▶ DATASET EXTRACT
*****

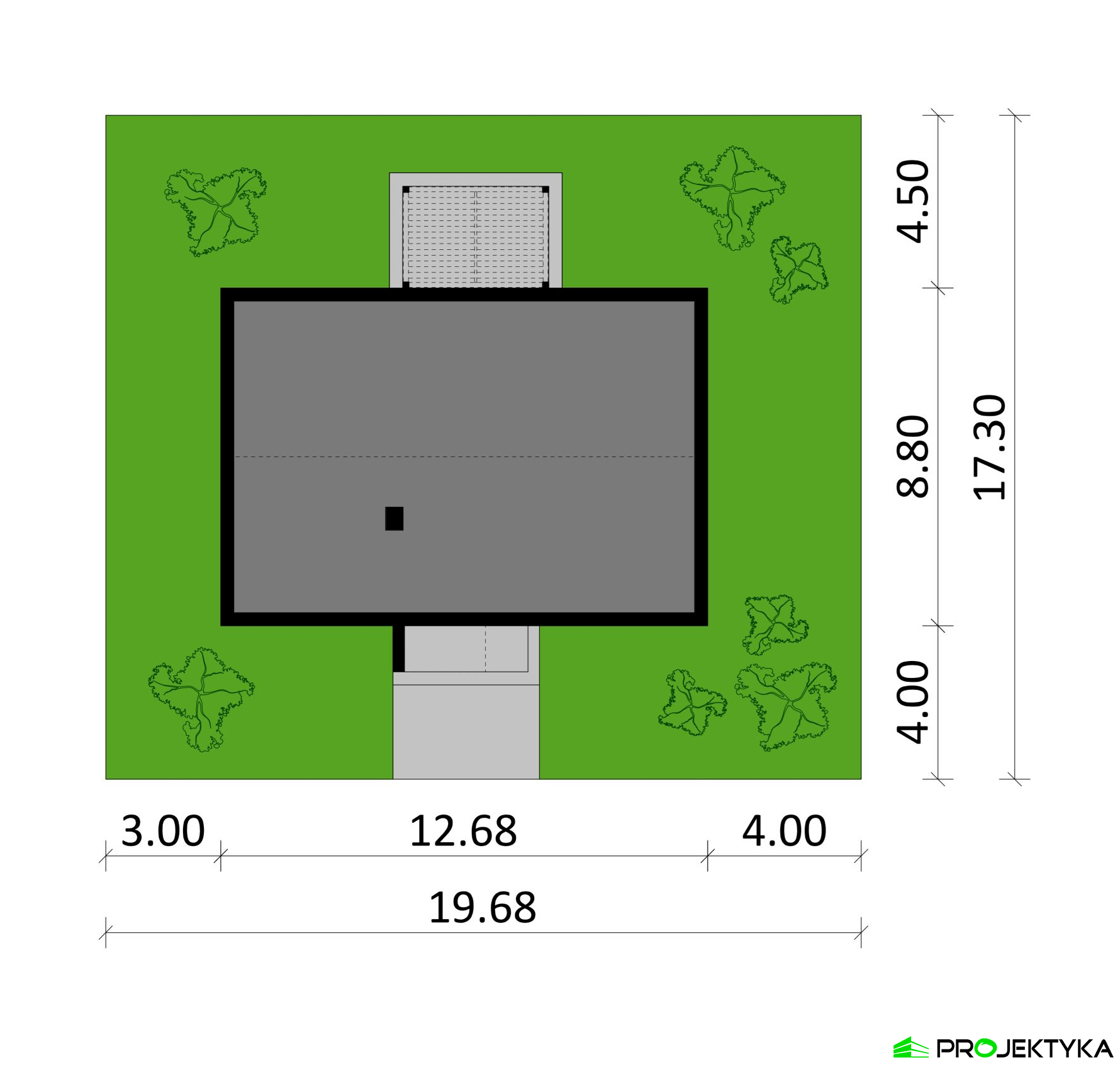 Min. wymiary działki | 19.68 m / 17.3 m |
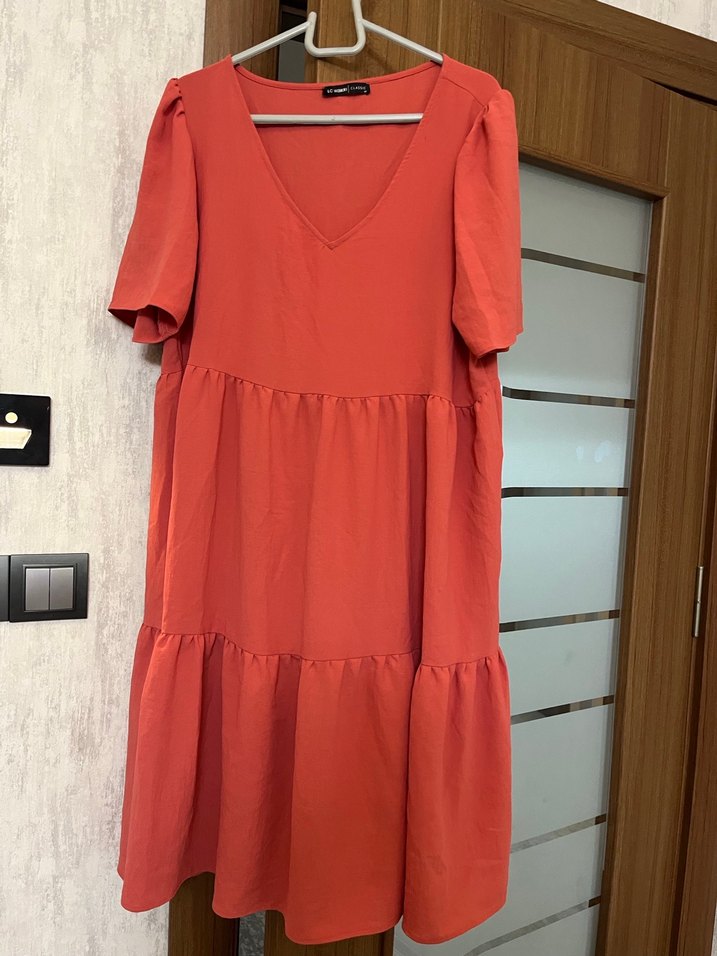 Yumuşak keten kumaştan, V yakalı ve kısa kollu, bol kesim midi elbise. Fırfır detaylı ve parlak kırmızı renkte, günlük kullanım için uygun.
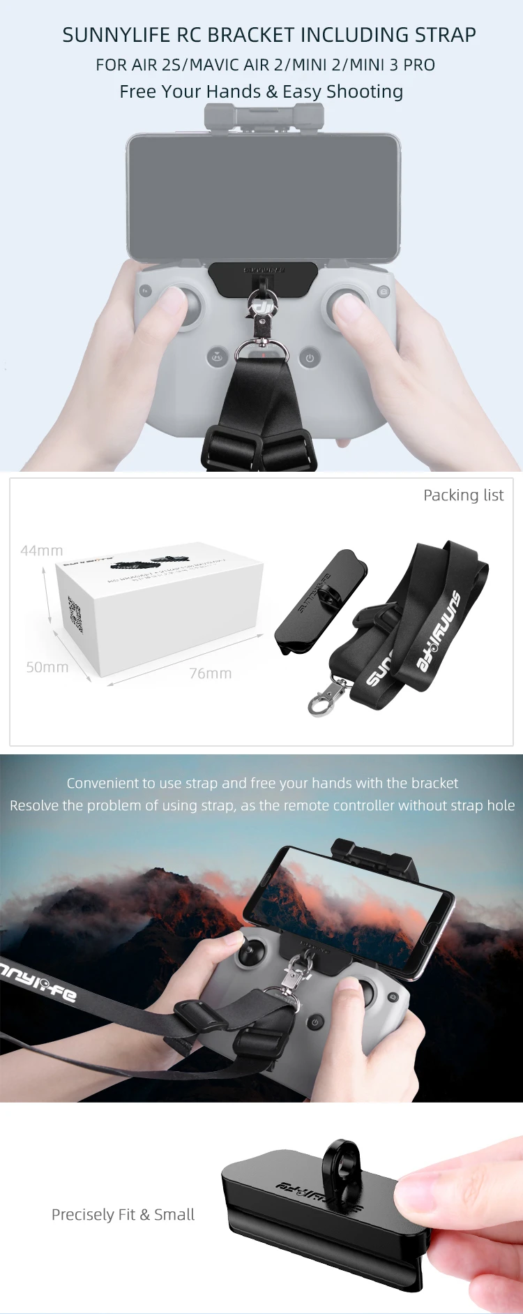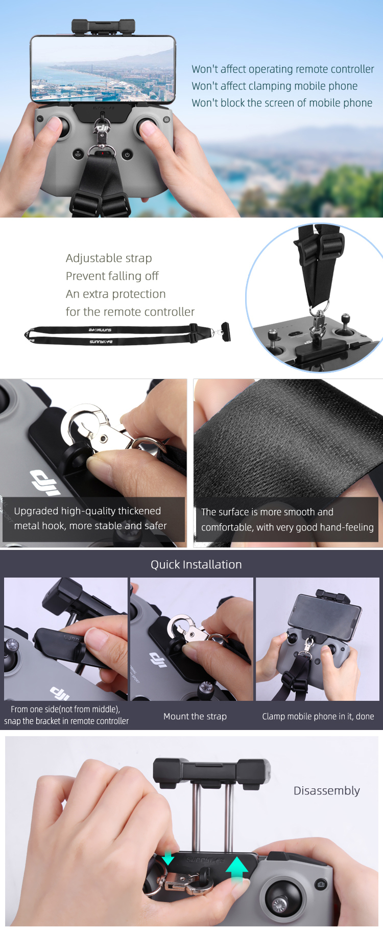 1. Легко Используйте ремешок и Освободите руки. Решить проблему, что пульт дистанционного управления Mavic Air 2 не может напрямую использовать ремешок без отверстия для шнурка.

*****

▶ ABOUT THIS TASK
Would you provide an exact, picture-free copy of the data above?

▶ WRITTEN SOLUTION
 Min. wymiary działki | 19.68 m / 17.3 m |
 Yumuşak keten kumaştan, V yakalı ve kısa kollu, bol kesim midi elbise. Fırfır detaylı ve parlak kırmızı renkte, günlük kullanım için uygun.
 1. Легко Используйте ремешок и Освободите руки. Решить проблему, что пульт дистанционного управления Mavic Air 2 не может напрямую использовать ремешок без отверстия для шнурка.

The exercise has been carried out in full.